The Kimberley Process (KP) certification scheme, set up to keep "blood diamonds" -- stones from conflict zones -- out of global gem trade, last week endorsed the sale of 900,000 carats fron Zimbabwe's controversial Marange fields.
Human rights activists have called for a ban on diamonds from Marange, where Zimbabwe's army is accused of widespread atrocities when it moved in to guard the poorly secured fields after a diamond rush drew up to 30,000 illegal diggers.
The United States-based Rapaport Diamond Trading Network said although the Marange diamonds had received KP endorsement, it will not allow its members to trade in them.

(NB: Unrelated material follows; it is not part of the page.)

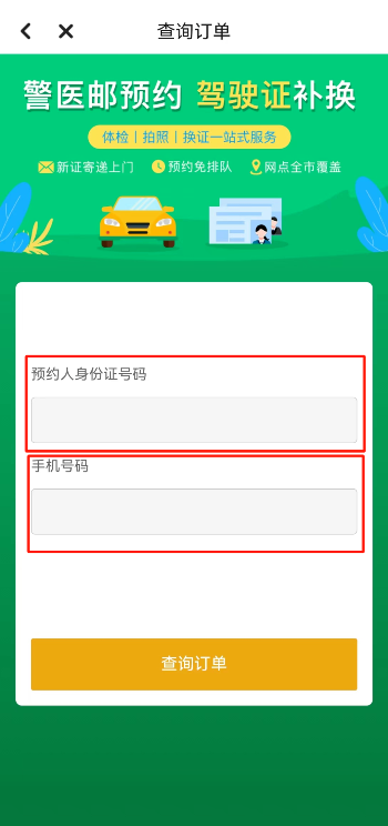 3.查询订单:返回到预约办理首页,点击“驾驶人体检换证订单”,输入证件号和手机号即可进入订单中心查询订单,点击所选订单还可进行修改订单或取消订单操作。

"Members found to have knowingly offered Marange diamonds for sale on RapNet will be expelled and their names will be publicly communicated," it said in a statement.
Zimbabwe, which denies rights abuses at the Marange fields, says it has stockpiled nearly 4 million carats of diamonds since the start of the year, estimated by state media to be worth $1.7 billion.
A power-sharing government formed by President Robert Mugabe and Prime Minister Morgan Tsvangirai last year in a bid to end a decade-long political and economic crisis has said it hopes diamond revenues can help fix the struggling economy.